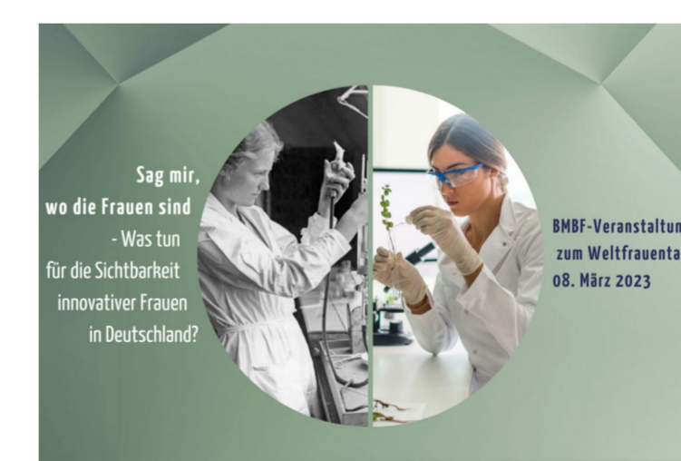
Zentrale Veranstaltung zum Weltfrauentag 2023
######
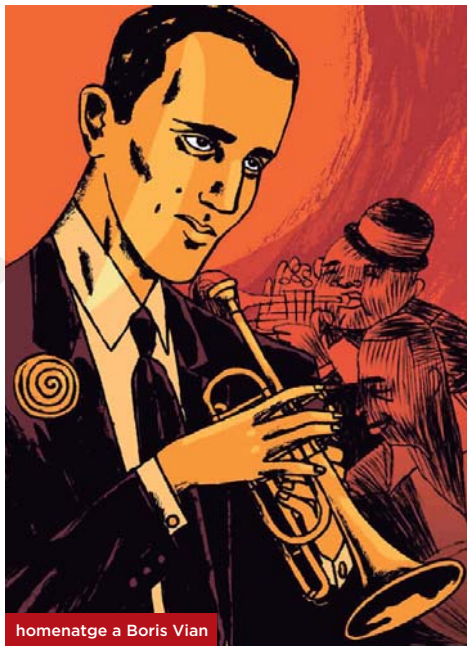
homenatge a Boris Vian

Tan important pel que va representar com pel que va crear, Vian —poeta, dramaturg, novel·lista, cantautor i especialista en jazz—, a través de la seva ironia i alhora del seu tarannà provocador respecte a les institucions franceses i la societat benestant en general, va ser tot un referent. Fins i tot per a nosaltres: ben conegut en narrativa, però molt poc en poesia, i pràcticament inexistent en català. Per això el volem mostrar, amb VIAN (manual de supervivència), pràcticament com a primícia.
######
EXERCISE BRIEF: All lines in the preceding records that hold the word "Vian" need to be copied.

RESULT OF THE EXERCISE:
homenatge a Boris Vian
Tan important pel que va representar com pel que va crear, Vian —poeta, dramaturg, novel·lista, cantautor i especialista en jazz—, a través de la seva ironia i alhora del seu tarannà provocador respecte a les institucions franceses i la societat benestant en general, va ser tot un referent. Fins i tot per a nosaltres: ben conegut en narrativa, però molt poc en poesia, i pràcticament inexistent en català. Per això el volem mostrar, amb VIAN (manual de supervivència), pràcticament com a primícia.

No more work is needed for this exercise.